Many entrepreneurs face the decision of whether to become self-employed by setting up a sole proprietorship or a limited liability company (LLC). This decision involves considering various factors such as accounting, liability, company name, and social insurance status.

 Sole Proprietorship, Limited Liability Company (LLC)

Choosing Between Sole Proprietorship and Limited Liability Company (LLC)
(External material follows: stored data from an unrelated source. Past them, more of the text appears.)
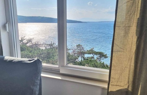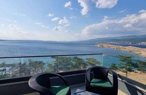 The holiday apartment is located in an apartment house and is furnished in a modern and luxury style. Also due to the view over the sea from the property the domicile is popular. Available for use: garden furniture.LocationŠilo. Parking (for 1 car) is available on the property. Specialair conditioning, central heating.Facilities: internet access (WLAN). TV reception takes place via satellite. PoolAll pools are available for shared use. Outdoor pool (usable from early May to early October, 4 m x 9 m, depth 1,40 m). Dogsnot allowed. DistancesShopping 1400 m, restaurant 60 m, town center 1000 m. In summer: Adriatic Sea 20 m in Šilo (beach 20 m in Šilo featuring rocks). DivisionHoliday apartment, 1 floor, 2 rooms (including 1 bedroom), 50 sqm, in total 2 beds. RoomThe entrance to your holiday apartment is located on the 2nd floor. Living room with sitting area, TV and access to the balcony (10 sqm). Bedroom with 1 double bed and TV. Kitchen with dining area, electric stove, dishwasher, fridge (icebox), microwave, coffee machine, toaster and electric kettle. Bathroom with with shower facility, shower, 1 washbasin, WC and hairdryer. Terms of lease and pricesIncluded in the priceOutdoor pool, dish towels, air conditioning, parking place, electricity, gas, water, final cleaning, bed linen, hand towels, Bed linen (weekly change), hand towels (weekly change), Wireless Internet access. Side costs-Costs on the spot:/Obligatory:registration fee 5 € per person per stay. local tax by local tariff.Deposit:No deposit.
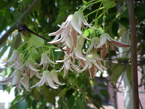 ↑ムベの花です。アケビの同類。昨秋には実が成りました。九州あたりじゃ「ンベ」というそうな
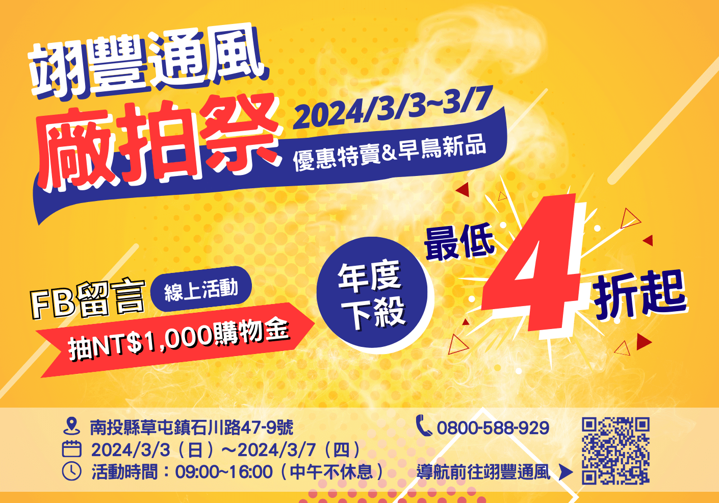 2024 翊豐廠拍祭來了!一年一度的翊豐通風廠拍暨新品展售會將於 3 月 3 日至 7 日,在南投總公司盛大舉辦,今年的廠拍特賣會,不僅有2024最新通風設備產品的展出,還有超優惠福利品及二手機出清,現場還有提供免費水冷扇健檢服務,趁年後開始做工廠、畜舍及溫室通風規劃,趁優惠入手最划算的通風設備,3/3翊豐廠拍祭,絕對是最佳時機!
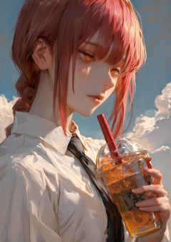 best quality,masterpiece,absurdres,newest,<lora:ATNR_V1.1_Lokr_f4_warmup_stable_decay:0.8>,(atnr),This is a digital illustration in a graphic novel style, featuring a desaturated color palette dominated by black, white, deep reds, and greys, with sharp line work defining the character and realistic texture rendering; the character exhibits visible, somewhat textured brushstrokes for rendering,This is a digital illustration rendered in a distinct anime style, closely resembling the art style of the manga/anime 'Chainsaw Man'. The color palette features naturalistic tones for the character (skin, hair, clothing) set against a bright blue sky with stylized orange cloud or energy accents. The line work is clean and confident, and the shading employs a mix of cell-shading principles with soft gradients, typical of modern, high-quality anime illustrations.The image utilizes strong lighting, consistent with bright daylight, creating clear highlights and defined, though subtly rendered, shadows.This striking digital illustration depicts the character Makima from 'Chainsaw Man'. She has distinctive pinkish-red hair styled in a braid and unique golden eyes with concentric ring patterns. Dressed in a formal black suit, white button-up shirt, and black tie, she strikes a confident, almost commanding pose, looking down slightly towards the viewer with a calm, penetrating gaze. One hand holds a cup of bubble tea, while the other is raised, index finger pointing upwards. The background consists of a bright blue sky filled with white clouds and punctuated by sharp, abstract orange shapes, adding a dynamic and slightly surreal element to the composition. Her expression and posture convey an aura of control and subtle authority, despite the casual element of the drink.
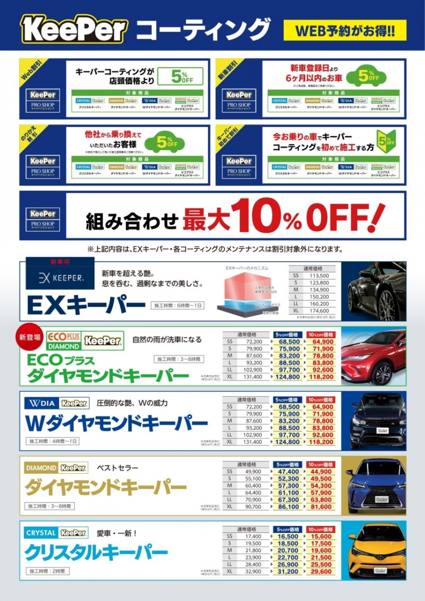 ※EXキーパー、各コーティングのメンテナンスは対象外です。

Many entrepreneurs face the decision of whether to become self-employed by setting up a sole proprietorship or a limited liability company (LLC). This decision involves considering various factors such as accounting, liability, company name, and social insurance status.

Sole Proprietorship

A sole proprietorship is owned by a single individual who conducts business independently. One significant advantage of a sole proprietorship is its low administrative costs. For turnovers up to CHF 500,000, simplified accounting is permissible, with profit tax based on income, expenses, and assets, all declared in the owner’s personal tax return. Registration in the commercial register is mandatory only if turnover exceeds CHF 100,000. The owner must also register with the compensation fund to pay contributions on profits.

The primary disadvantage is the owner’s personal liability for all business obligations. Additionally, the company name must include the owner’s surname, and third-party participation is not allowed.

Limited Liability Company (LLC)

An LLC is a legal entity that can include multiple partners and/or managers. The main advantage of an LLC is the limited liability of its partners. Another benefit is the freedom to choose the company name without including the owner’s surname.

However, establishing an LLC requires a minimum capital stock of CHF 20,000, deposited in a blocked account. Administrative costs are generally higher, and double-entry bookkeeping is mandatory, requiring a balance sheet and profit and loss account in annual financial statements, along with a separate tax return. Founders who pay themselves salaries must also cover all social security contributions (1st pillar, 2nd pillar, and accident insurance).

Conclusion

While the sole proprietorship has lower costs, it involves higher risk due to personal liability. It is ideal for testing business ideas independently. On the other hand, an LLC offers legal protection, allows third-party participation, and is generally preferable due to limited liability.